Try it: The pictures do not go in the copy. Reproduce the rest of the entries exactly.

Listed entries:
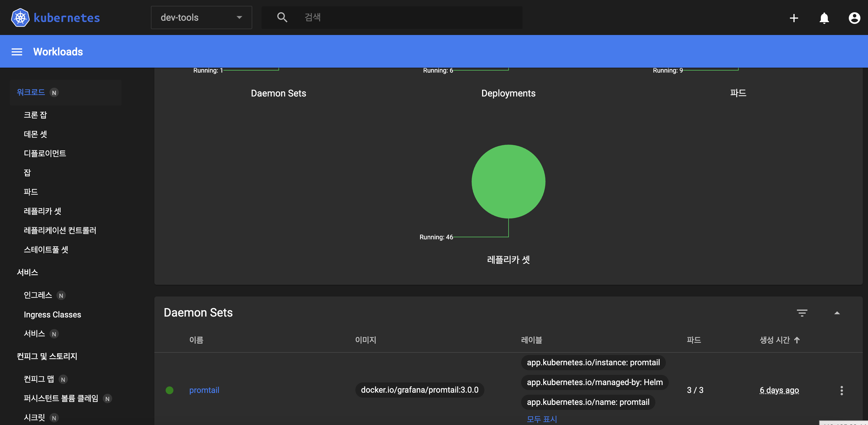 그 후, helm 명령어를 통해 수정한 values.yaml 파일을 참고하여 promtail을 설치할 수 있습니다. 저는 dev-tools라는 네임스페이스에 프롬테일을 배포하도록 합니다.
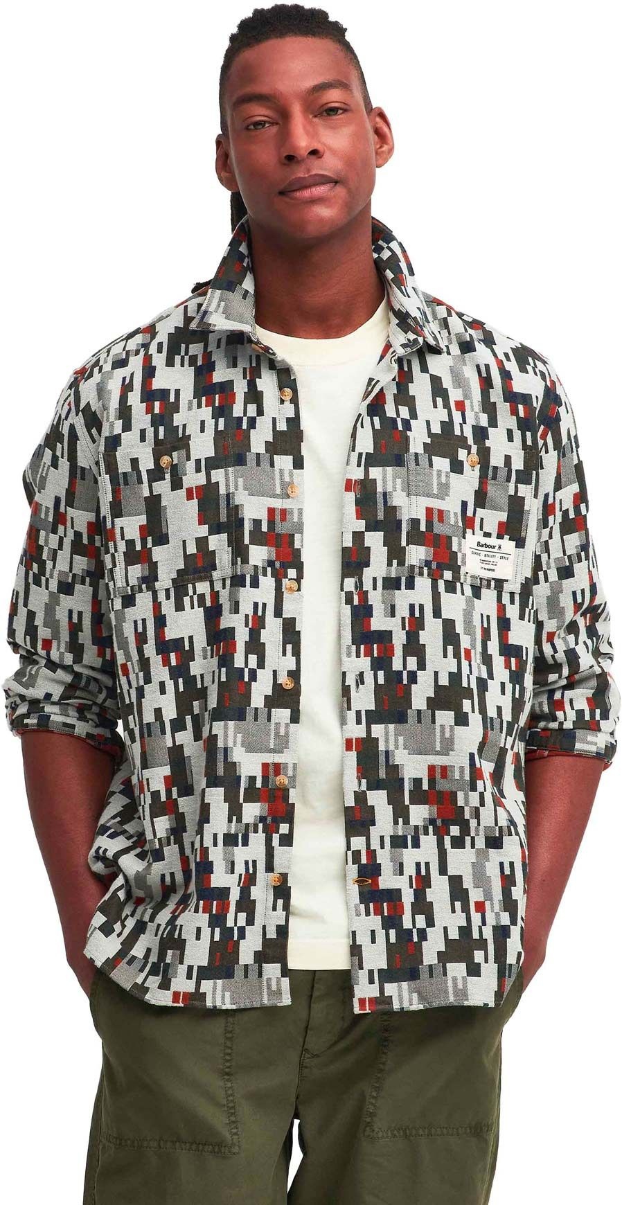 Une poche poitrine ton sur ton vient compléter le motif graphique et abstrait, parachevant ainsi le design soigné de cette chemise.
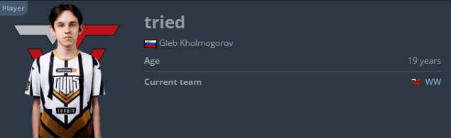 Gleb Kholmogorov | tried(从HLTV的定妆照看,tried确实也是一小只)
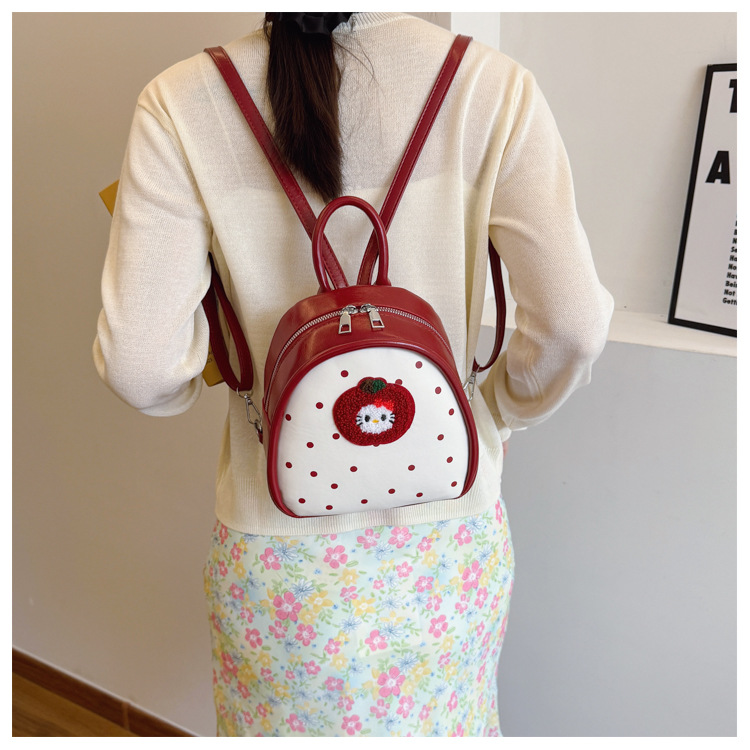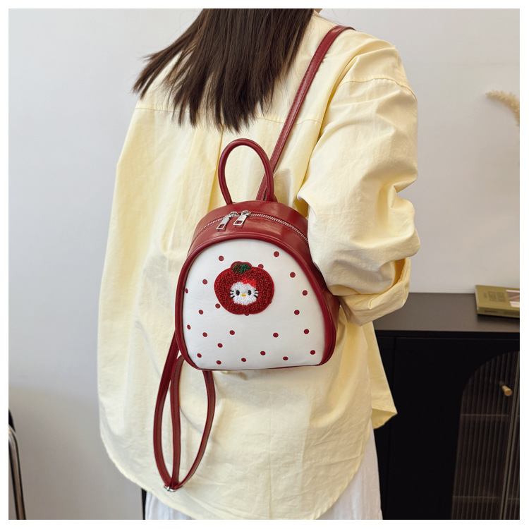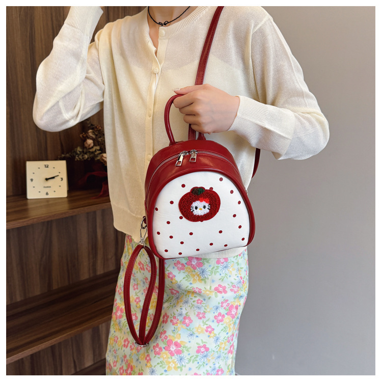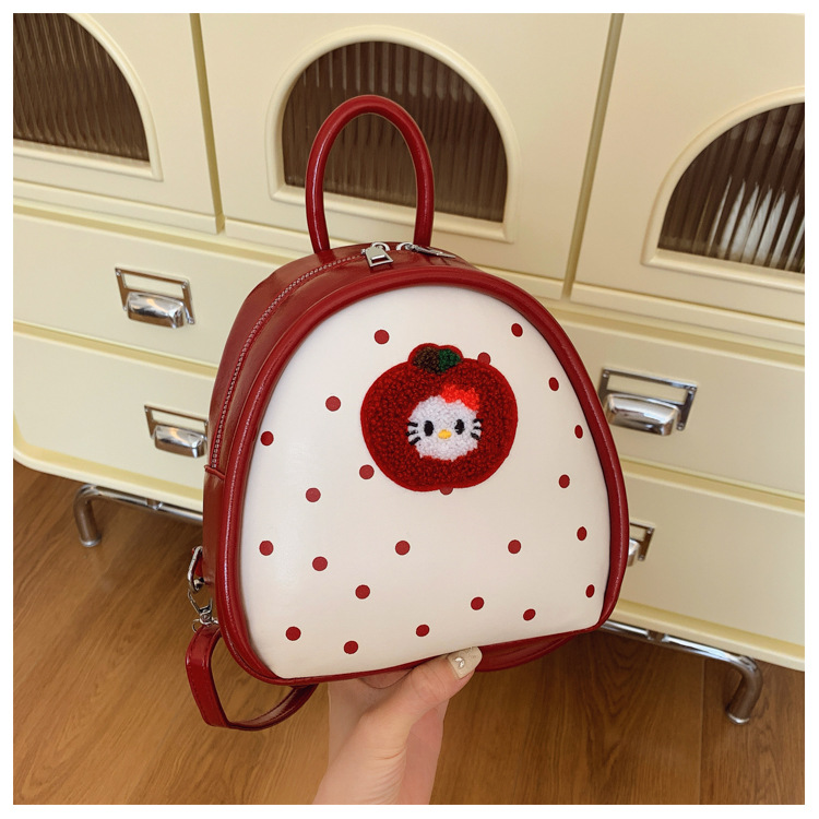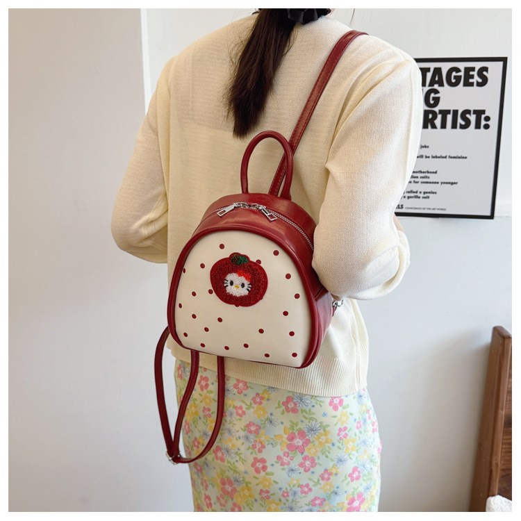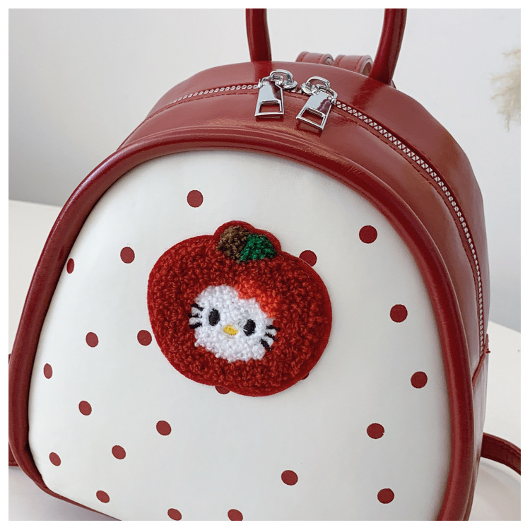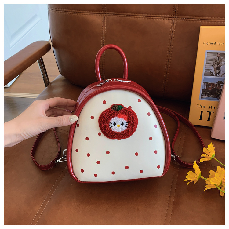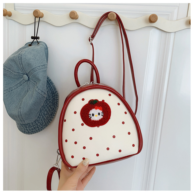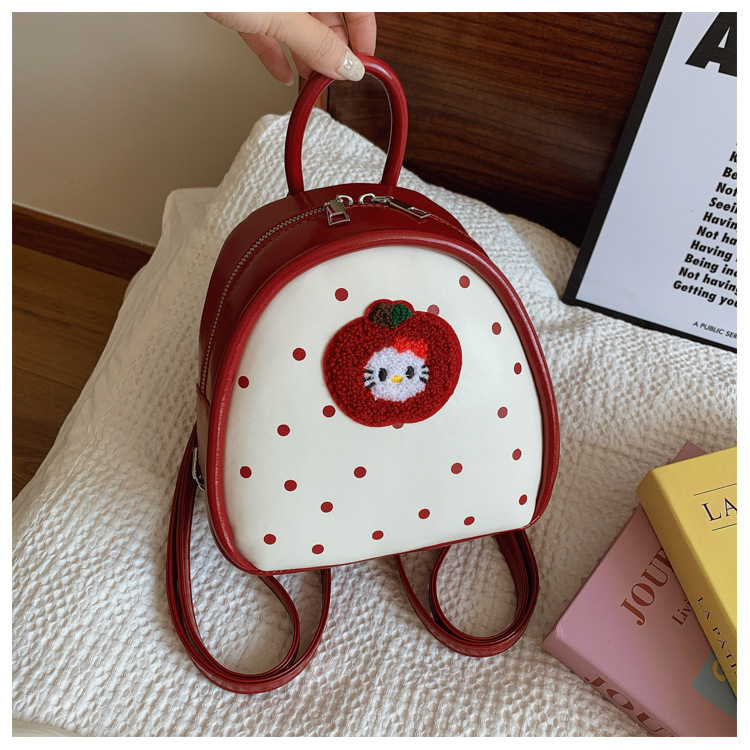 어린이 사과 폴카 도트 고양이 배낭 어린 소녀 다목적 귀여운 틈새 빨간색 핸드백 아기 여행 배낭
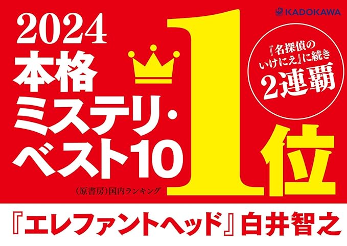 白井智之さん著『エレファントヘッド』(KADOKAWA)が原書房『2024本格ミステリ・ベスト10』(編著:探偵小説研究会原書房)の国内ランキングで第1位を獲得しました。
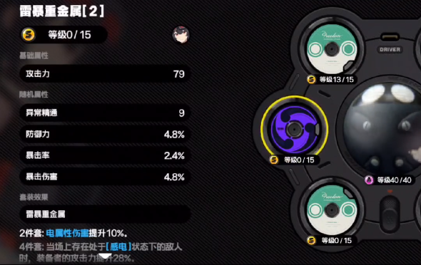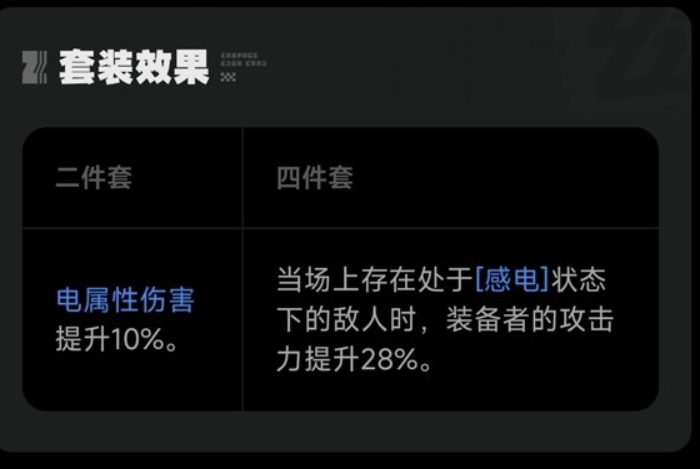 雷暴重金属这个驱动盘在游戏里起到的作用是能带来电属性伤害的,如果在游戏里使用两件套的话,那么就能提升角色的电属性伤害能力10%,如果是有四件套的话,可以让角色的整体攻击能力能提升28%。因为这种独特的特性,所以玩家可以把驱动盘装配到电属性的角色上。
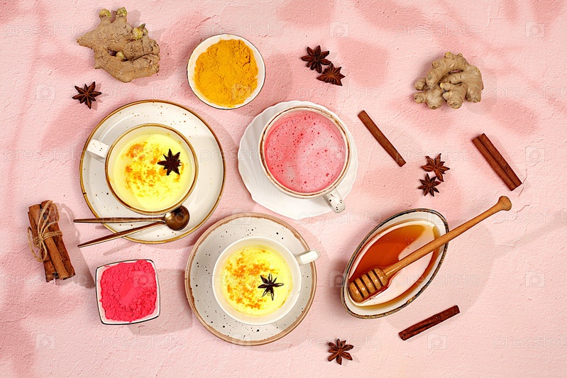 Разнообразие японских чаев латте из золотистой куркумы и розового лунного молока. Модный полезный напиток матча способствует снижению веса, расслабляет перед сном и обладает противовоспалительными свойствами
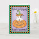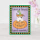 Senden Sie Halloween-Grüße mit dieser Karte eines niedlichen Miniatur Bull Terrier Welpen in einem lächelnden Jack-o-Lantern. Ideal für Kinder jeden Alters, die MBTs und Halloween Lieben. Viel Glück!
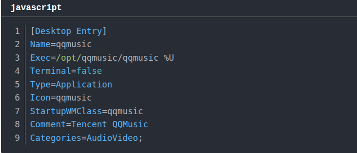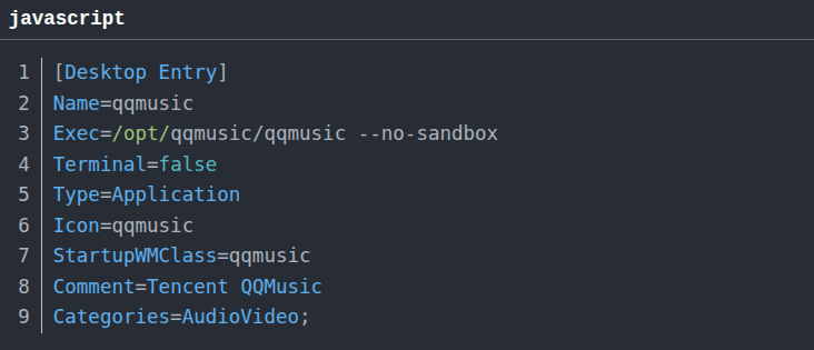保存后即可运行。如果提示没有写入权限,修改文件权限即可(sudo chmod 777 qqmusic.desktop)

Solution to the exercise:
 그 후, helm 명령어를 통해 수정한 values.yaml 파일을 참고하여 promtail을 설치할 수 있습니다. 저는 dev-tools라는 네임스페이스에 프롬테일을 배포하도록 합니다.
 Une poche poitrine ton sur ton vient compléter le motif graphique et abstrait, parachevant ainsi le design soigné de cette chemise.
 Gleb Kholmogorov | tried(从HLTV的定妆照看,tried确实也是一小只)
 어린이 사과 폴카 도트 고양이 배낭 어린 소녀 다목적 귀여운 틈새 빨간색 핸드백 아기 여행 배낭
 白井智之さん著『エレファントヘッド』(KADOKAWA)が原書房『2024本格ミステリ・ベスト10』(編著:探偵小説研究会原書房)の国内ランキングで第1位を獲得しました。
 雷暴重金属这个驱动盘在游戏里起到的作用是能带来电属性伤害的,如果在游戏里使用两件套的话,那么就能提升角色的电属性伤害能力10%,如果是有四件套的话,可以让角色的整体攻击能力能提升28%。因为这种独特的特性,所以玩家可以把驱动盘装配到电属性的角色上。
 Разнообразие японских чаев латте из золотистой куркумы и розового лунного молока. Модный полезный напиток матча способствует снижению веса, расслабляет перед сном и обладает противовоспалительными свойствами
 Senden Sie Halloween-Grüße mit dieser Karte eines niedlichen Miniatur Bull Terrier Welpen in einem lächelnden Jack-o-Lantern. Ideal für Kinder jeden Alters, die MBTs und Halloween Lieben. Viel Glück!
保存后即可运行。如果提示没有写入权限,修改文件权限即可(sudo chmod 777 qqmusic.desktop)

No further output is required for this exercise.